Data supplied below:

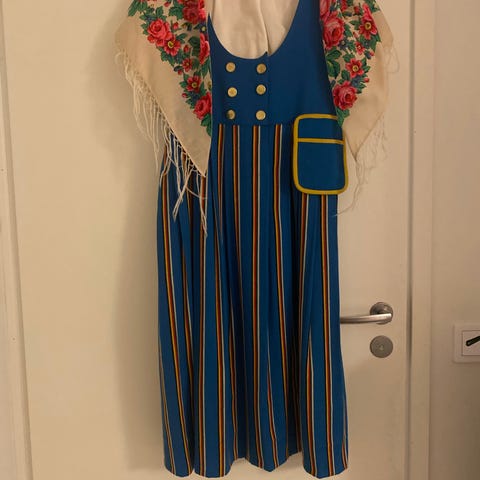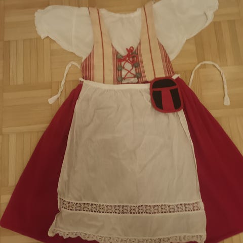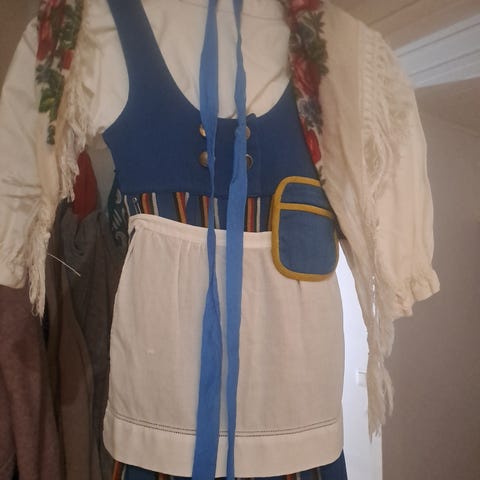 Helmi Vuorelman kansallispuku, pukuun kuuluu essu, puuvillapaita ja hame. Hameen kokonaispituus 112 cm. Vyötärön ympärys 72 cm. Vähän käytetty, hyvä kunto. Vuorelman kokotaulukon mukaan sopii n. 152 cm kokoiselle. Teetetty uusi paita, vanha paita myös mukaan. Voin postittaa, ei lemmikkejä, ei tupakointia.
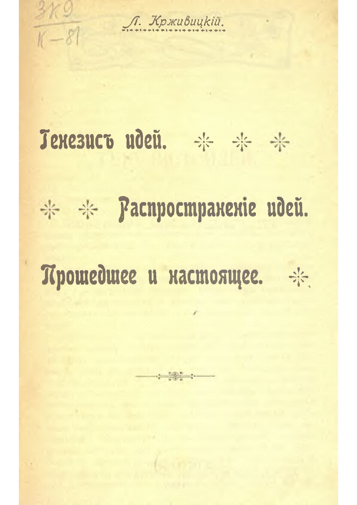 Генезис идей. Распространение идей. Прошедшее и настоящее [Текст] / Л. Кршивицкий ... – Санкт-Петербург : Типо-лит. "Евг. Тиле преемн.", 1905. - 79 с. . . – [б. т.]
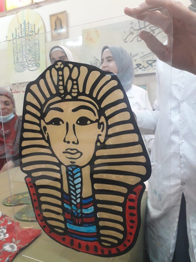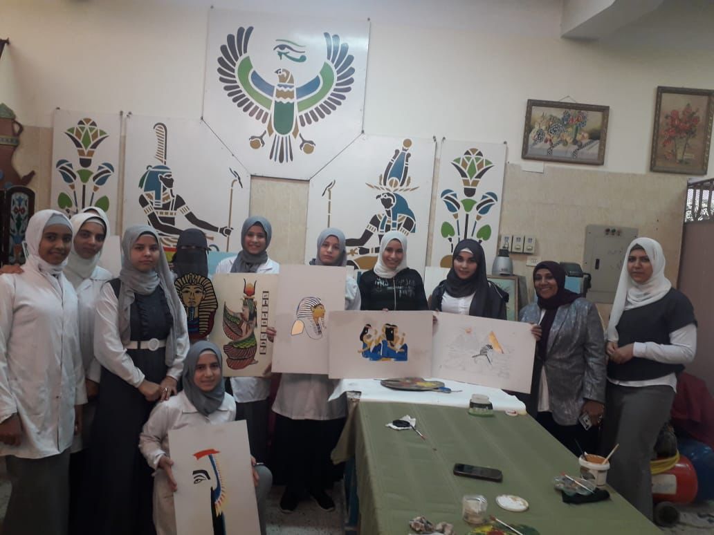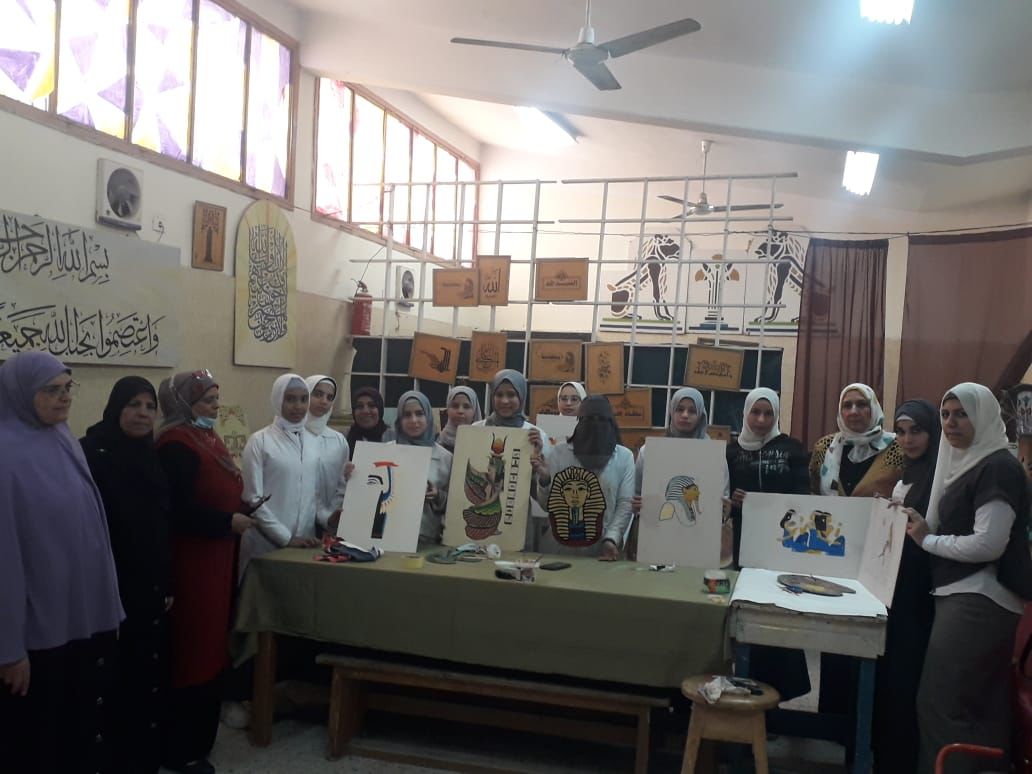 كما نظمت ادارة الوعى الاثري ورش فنية للطالبات بقسم الزخرفة، وتم تدريب الطالبات علي الرسومات والكتابة الفرعونية لمعرفة معلمات قسم الزخرفة بالمدرسة.
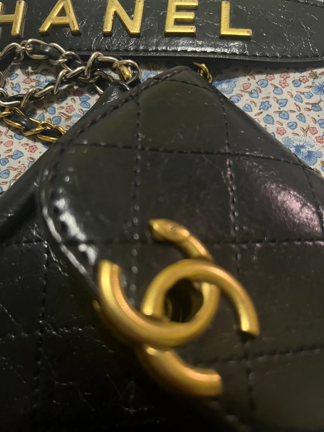 Selling a Chanel black makeup and smart phone bag with a chain. It has the classic Chanel quilting and a gold-tone logo. The chain strap adds a touch of elegance! It's perfect for carrying your essentials in style
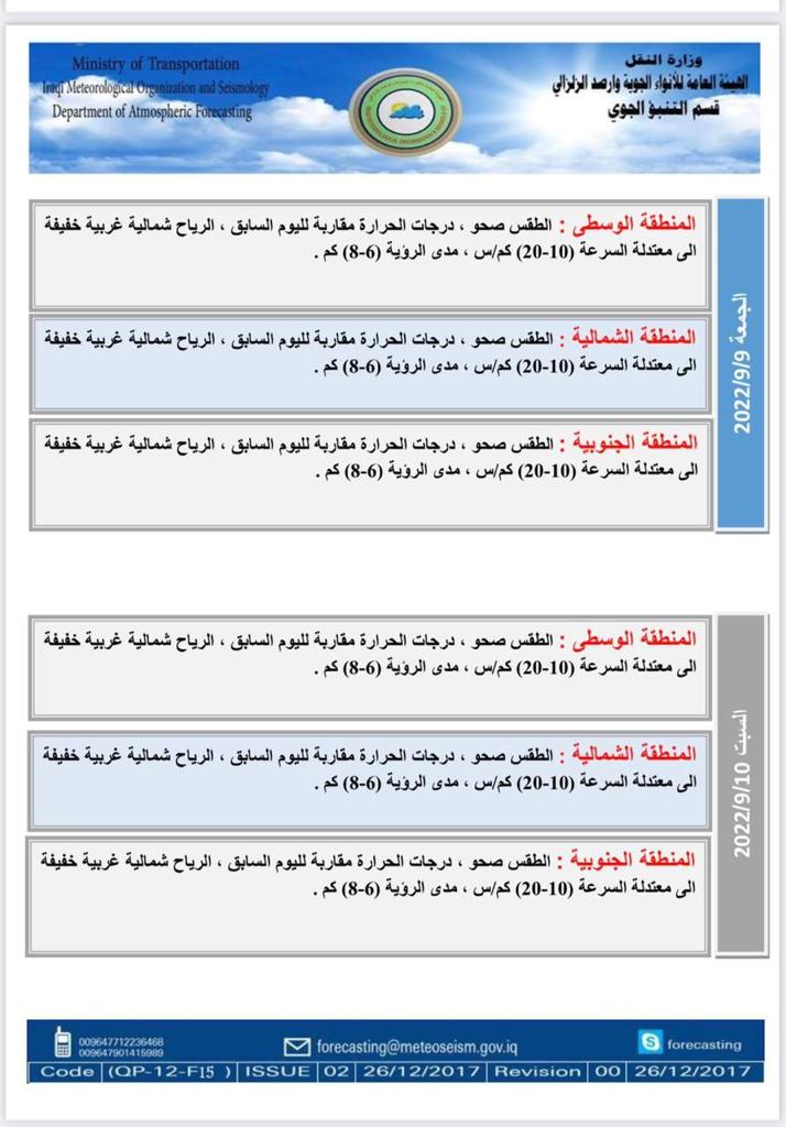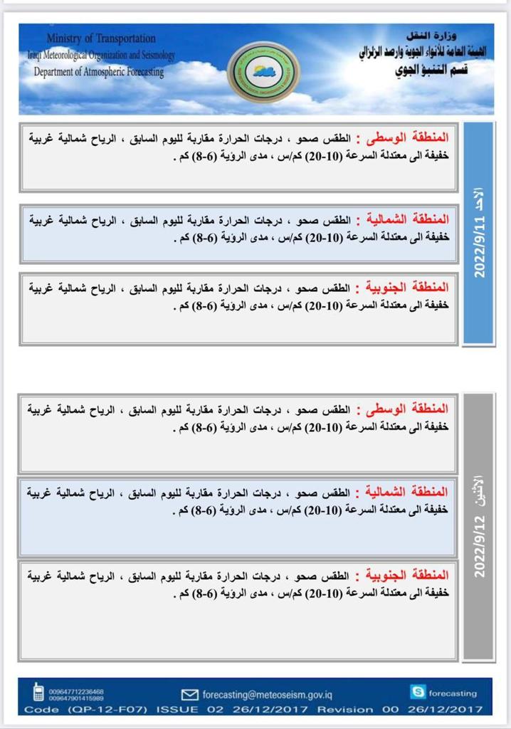 أعلنت هيئة الأنواء الجوية، اليوم الخميس، عن حالة الطقس في البلاد للأيام المقبلة، فيما توقعت تسجيل درجات حرارة لـ4 محافظات غداً 48 مئوية.

End of Data supplied.

Without the pictures, set down every entry exactly.

 Helmi Vuorelman kansallispuku, pukuun kuuluu essu, puuvillapaita ja hame. Hameen kokonaispituus 112 cm. Vyötärön ympärys 72 cm. Vähän käytetty, hyvä kunto. Vuorelman kokotaulukon mukaan sopii n. 152 cm kokoiselle. Teetetty uusi paita, vanha paita myös mukaan. Voin postittaa, ei lemmikkejä, ei tupakointia.
 Генезис идей. Распространение идей. Прошедшее и настоящее [Текст] / Л. Кршивицкий ... – Санкт-Петербург : Типо-лит. "Евг. Тиле преемн.", 1905. - 79 с. . . – [б. т.]
 كما نظمت ادارة الوعى الاثري ورش فنية للطالبات بقسم الزخرفة، وتم تدريب الطالبات علي الرسومات والكتابة الفرعونية لمعرفة معلمات قسم الزخرفة بالمدرسة.
 Selling a Chanel black makeup and smart phone bag with a chain. It has the classic Chanel quilting and a gold-tone logo. The chain strap adds a touch of elegance! It's perfect for carrying your essentials in style
 أعلنت هيئة الأنواء الجوية، اليوم الخميس، عن حالة الطقس في البلاد للأيام المقبلة، فيما توقعت تسجيل درجات حرارة لـ4 محافظات غداً 48 مئوية.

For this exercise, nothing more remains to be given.